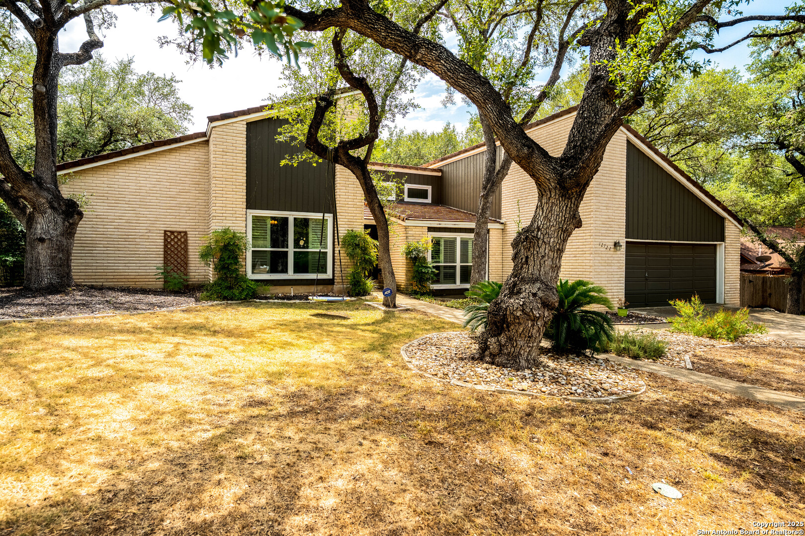 Beautiful home sits on .29 acres with gorgeous mature oak trees. The home been updated over the years and features 3 bedroom, 2 bath, an oversized 2-car garage, and a pool. There are two eating areas with a huge picture window that overlooks a covered patio and the pool. Welcoming entry steps down to a large family room with vaulted ceilings, and huge picture windows on either side of the fireplace featuring a black, walnut mantle hearth. Adjacent the living room and kitchen is a large, separate dining room. The kitchen offers double ovens, and granite countertops with an adjoining breakfast area with cabinetry above and below with a long countertop for buffets. Huge windows on each side of brick FP w/ hearth & black walnut mantle, recess lighting, vaulted ceiling & ample wall space in large family room. The primary bedroom features large double window that overlook the parklike backyard. The bath area is like walking into a spa, with slate on the walls & floor, walk-in glass shower & garden tub.
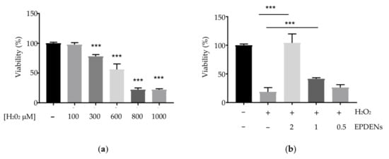 Effect of Fragaria-derived EPDENs on oxidative stress in human ADMSCs. (a) Dose-dependent effect of H2O2 on cell viability (n = 3) (*** p < 0.001 vs. CTR); (b) Dose-dependent effect of Fragaria-derived EPDENs (µg/mL) on H2O2 (400 µM)-induced cytotoxicity (n = 4) (*** p < 0.001).
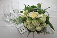 Trouwringen, Trouwboeket en glazen.

**Brief**
Would it be possible to give the material above again exactly, with the pictures left out?

**Task answer**
 Beautiful home sits on .29 acres with gorgeous mature oak trees. The home been updated over the years and features 3 bedroom, 2 bath, an oversized 2-car garage, and a pool. There are two eating areas with a huge picture window that overlooks a covered patio and the pool. Welcoming entry steps down to a large family room with vaulted ceilings, and huge picture windows on either side of the fireplace featuring a black, walnut mantle hearth. Adjacent the living room and kitchen is a large, separate dining room. The kitchen offers double ovens, and granite countertops with an adjoining breakfast area with cabinetry above and below with a long countertop for buffets. Huge windows on each side of brick FP w/ hearth & black walnut mantle, recess lighting, vaulted ceiling & ample wall space in large family room. The primary bedroom features large double window that overlook the parklike backyard. The bath area is like walking into a spa, with slate on the walls & floor, walk-in glass shower & garden tub.
 Effect of Fragaria-derived EPDENs on oxidative stress in human ADMSCs. (a) Dose-dependent effect of H2O2 on cell viability (n = 3) (*** p < 0.001 vs. CTR); (b) Dose-dependent effect of Fragaria-derived EPDENs (µg/mL) on H2O2 (400 µM)-induced cytotoxicity (n = 4) (*** p < 0.001).
 Trouwringen, Trouwboeket en glazen.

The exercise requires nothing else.